Там, вдалеке от отечества, в коммунах этих все было общее — и тучная земля, и наспех сколоченные хибарки, и пылающая страсть рассуждать о благе человека.
Они давно вернулись, Александр Капитонович проживал, кажется, в Перми, столярничал для пропитания. Он был уже стар. Ссыльный молодой старовер, переведенный в Иркутск из Перми, пересказывал рассказы Маликова, богочеловека и искателя земного рая:
— Не умели работать, оправдывали неуменье теоретически. Даже придумали, будто невареная пища полезнее потому, что вареной в природе не существует. Чтоб не стряпать! Повезли с собою за тридевять земель нашу беду — декламацию, заглушающую здравый смысл. И странное дело: к ним стали липнуть бродяги и бездельники.

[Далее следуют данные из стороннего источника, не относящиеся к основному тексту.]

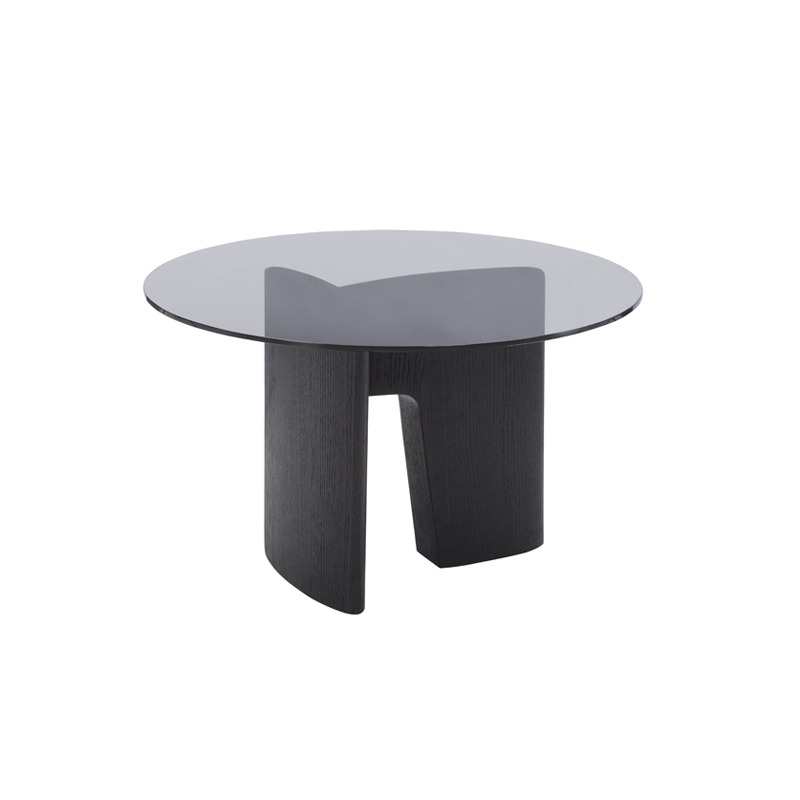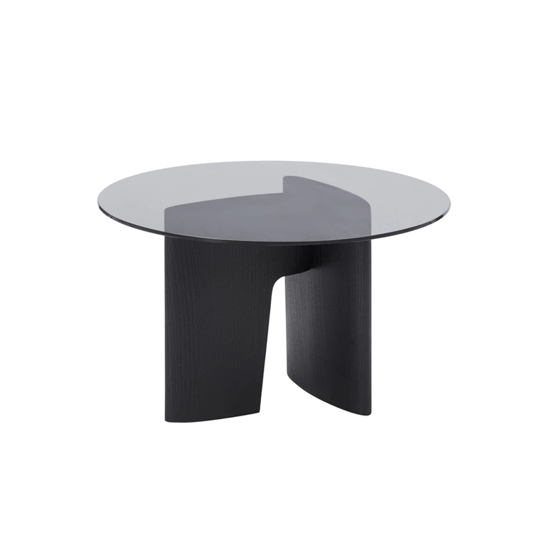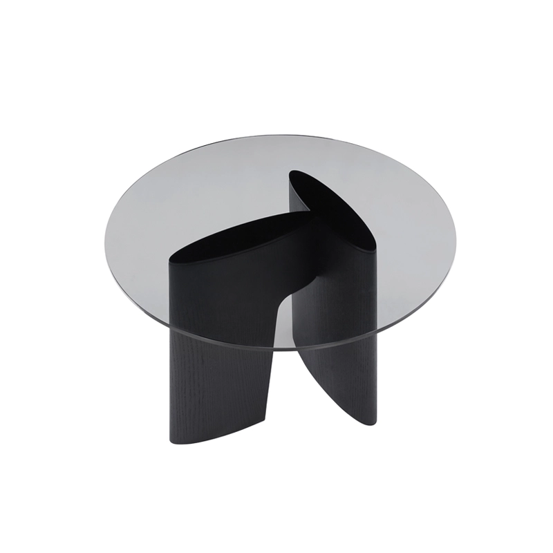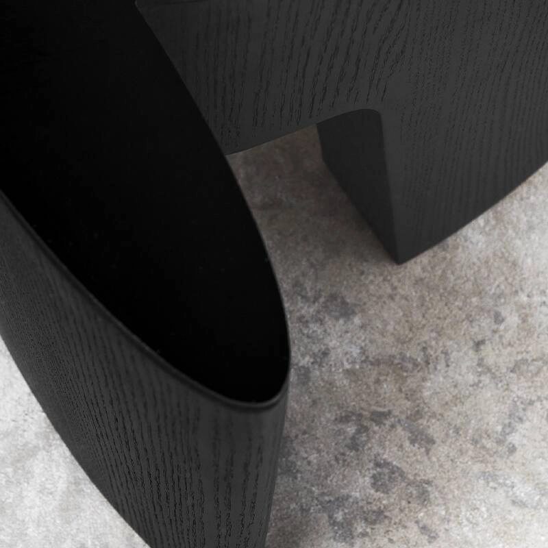 En abaissant le regard, la forme est interrompue par un espace légèrement incliné qui ajoute de la légèreté et contrebalance l'aspect audacieux du design de la table d'appoint

«Отчего же странно?» — усмехался Коршунов. А человек этот, из Перми, рассказывал:
— Жизнь, сами знаете, — ни кола, ни двора, одни мечтания… А ведь детишки рождаются! Природа не знает иллюзий… Заболело дитя. И мать протянула его Маликову: пусть погибнут все сто ваших замыслов о справедливости, лишь бы было живо мое дитя! И ведь он был превосходный краснодеревщик, Александр Капитоныч!
«Эк, их по свету носит! А дело на Руси стоит», — думал Лука Семенович.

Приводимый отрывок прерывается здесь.